Basics: choux pastry
Fill these light and airy pastries with any filling of your choice, you can make them sweet or surprise with a salty filling.
Tools
Ingredients
115 g butter
110 ml water
110 ml milk
1/4 tsp salt
1 tbsp sugar
125 g all-purpose flour
5 eggs
Step by step
Add the butter, water, milk, salt and sugar to a saucepan and heat over medium heat. Once the milk mixture simmers, lower the heat and add the flour.
Take of the heat and stir vigorously until the dough comes together in a ball. Put back on the heat and keep stirring until the mixture leaves a film on the bottom and sides of the saucepan.

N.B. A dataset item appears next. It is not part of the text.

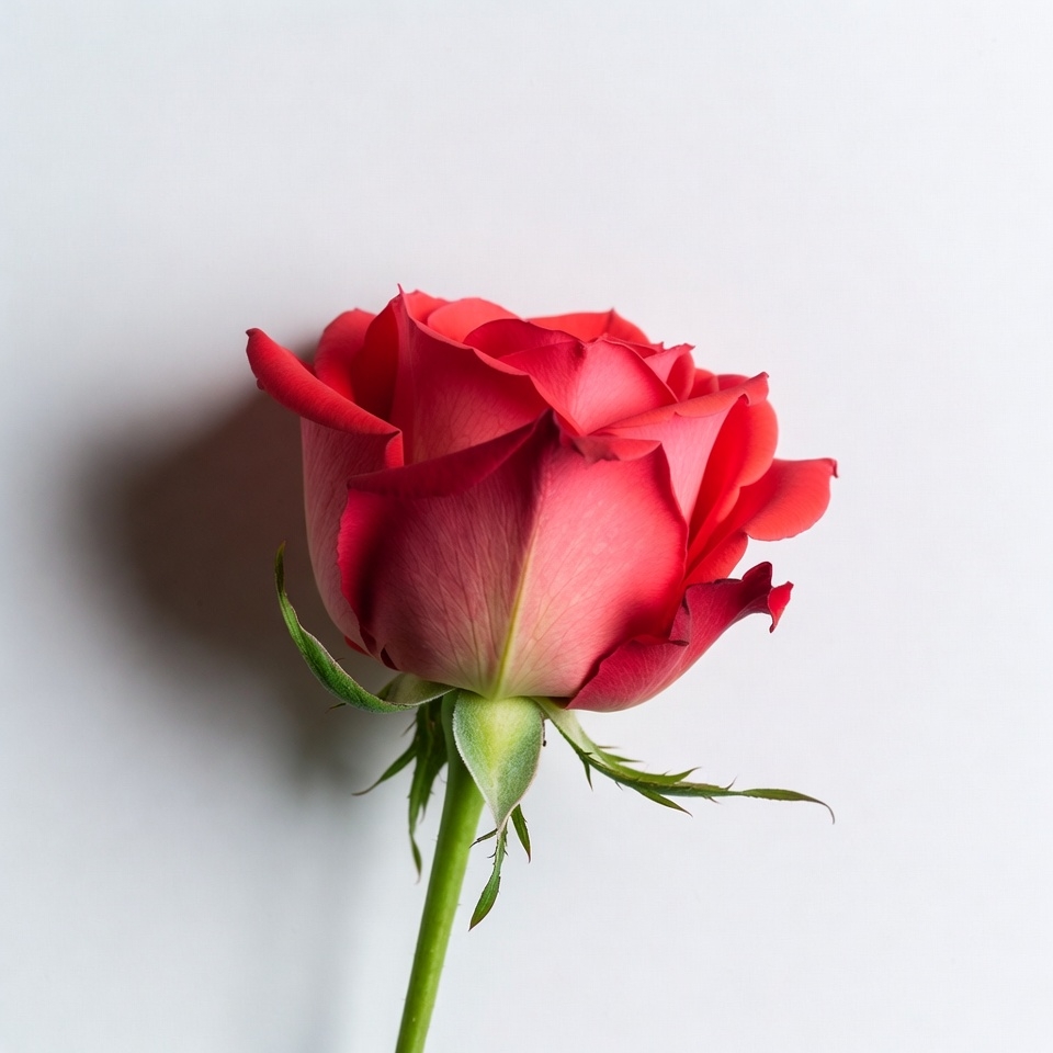 A vibrant red rose with layered petals stands upright against a plain white background. The flower features a green stem and sepals at its base. The petals display shades of deep red and pink near the center.

Transfer the dough to the bowl of a Stand Mixer fitted with Paddle Attachment and let rest for 5 minutes.
Turn speed to 4 and edd the eggs one by one until incorporated and the dough has a shiny and pipeapble consistency. Tip: when you lift the Paddle Attachment straight up from the dough, a V shape should form.
Line a baking tray with parchment paper and use a pastry brush to dampen the parchment paper. It will make the choux crispy on the outside.
Pipe the choux on the baking tray. Dip your index finger in some water and flatten the top of the choux.
Mix an egg with a tablespoon of water and brush the choux with egg wash.
Bake for 20 minutes on 200°C, lower the temperature to 175°C and bake for another 10 minutes.
Do not open the oven during baking. Leave the oven door closed until 20 minutes after baking. Then transfer the choux to a wire rack.
Fill the choux with pastry cream, whipped cream of any filling of your choice.